**** Information supplied ****

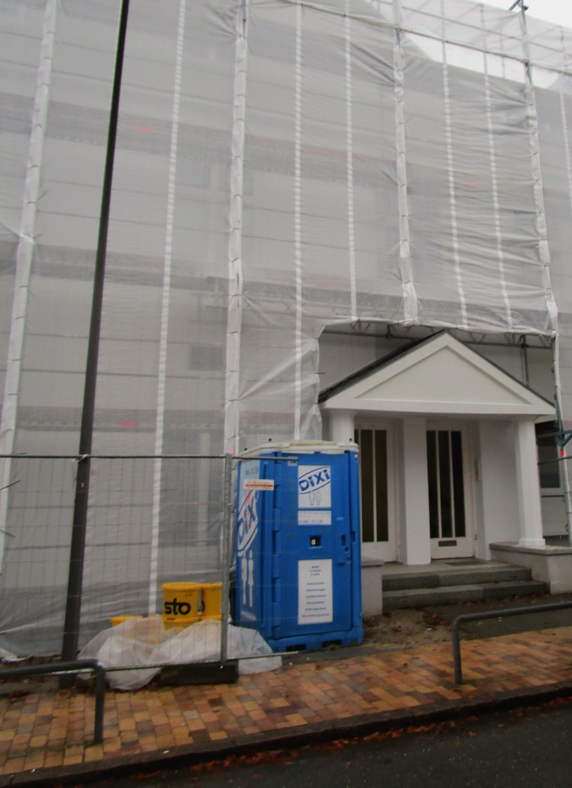 Griechisch-römisch anmutende Baustelle, Christo-, pardon, gegen E- und Immissionen verhüllt.
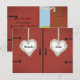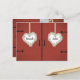 Red barn doors are decorated with heart-shaped daisy wreaths on the front of this rustic save the date postcard. The interior of the barn carries the theme through on the back. All text is easily customised.
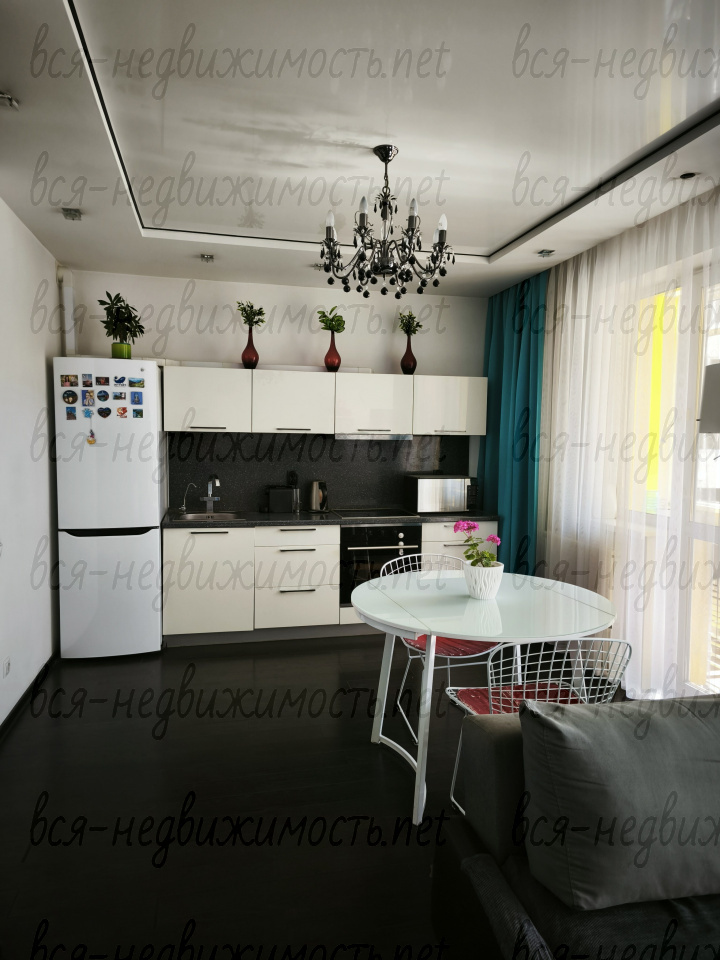 3.кухонный гарнитур оборудован мойкой, варочной поверхностью, духовым шкафом и вытяжкой, холодильник;
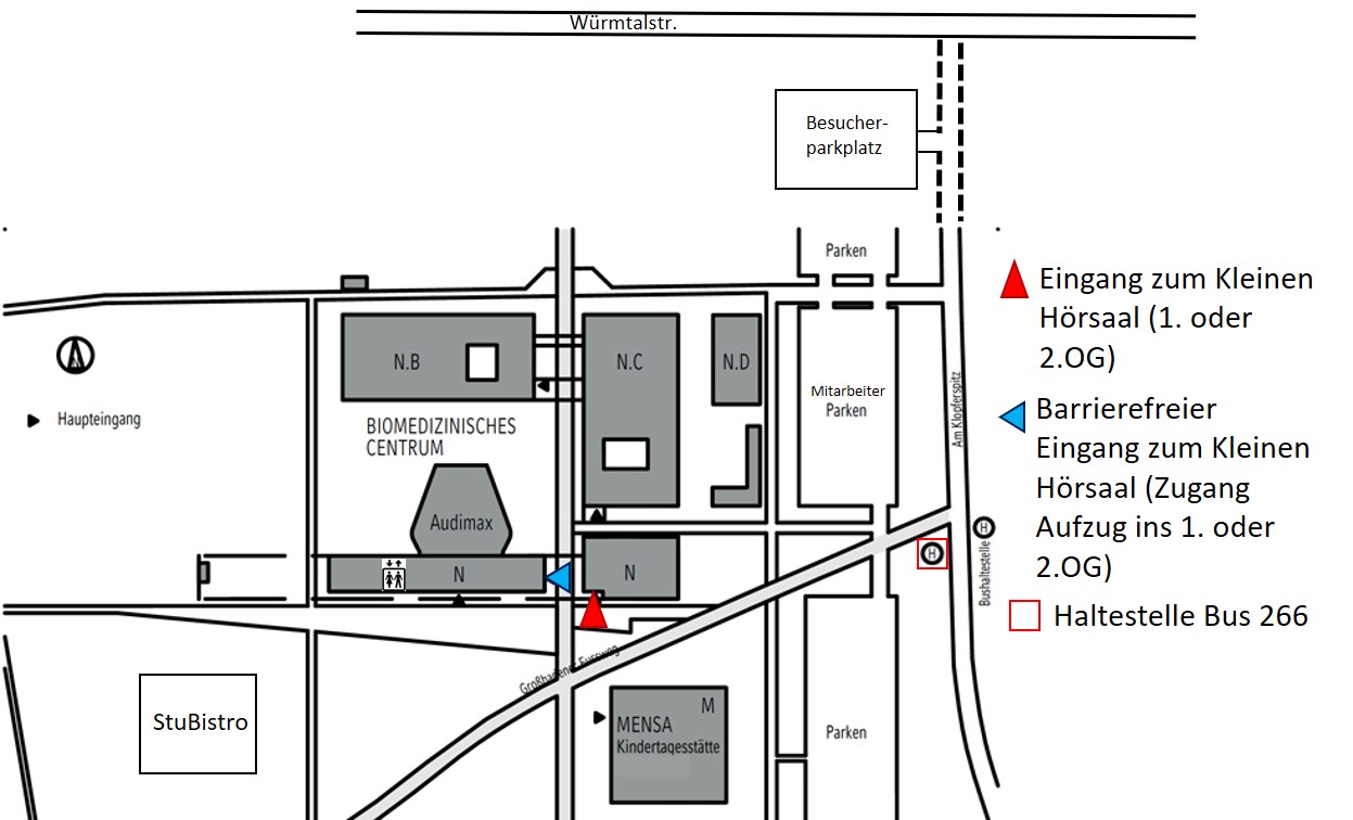Eine ausführliche Anfahrtsbeschreibung zum BMC finden Sie auf der Webseite: https://www.med.lmu.de/bmc/de/ueber-uns/kontakt-anfahrt/

****

■ **Problem details**:
Leaving the pictures aside, repeat the data above exactly.

■ **Written response**:
 Griechisch-römisch anmutende Baustelle, Christo-, pardon, gegen E- und Immissionen verhüllt.
 Red barn doors are decorated with heart-shaped daisy wreaths on the front of this rustic save the date postcard. The interior of the barn carries the theme through on the back. All text is easily customised.
 3.кухонный гарнитур оборудован мойкой, варочной поверхностью, духовым шкафом и вытяжкой, холодильник;
Eine ausführliche Anfahrtsbeschreibung zum BMC finden Sie auf der Webseite: https://www.med.lmu.de/bmc/de/ueber-uns/kontakt-anfahrt/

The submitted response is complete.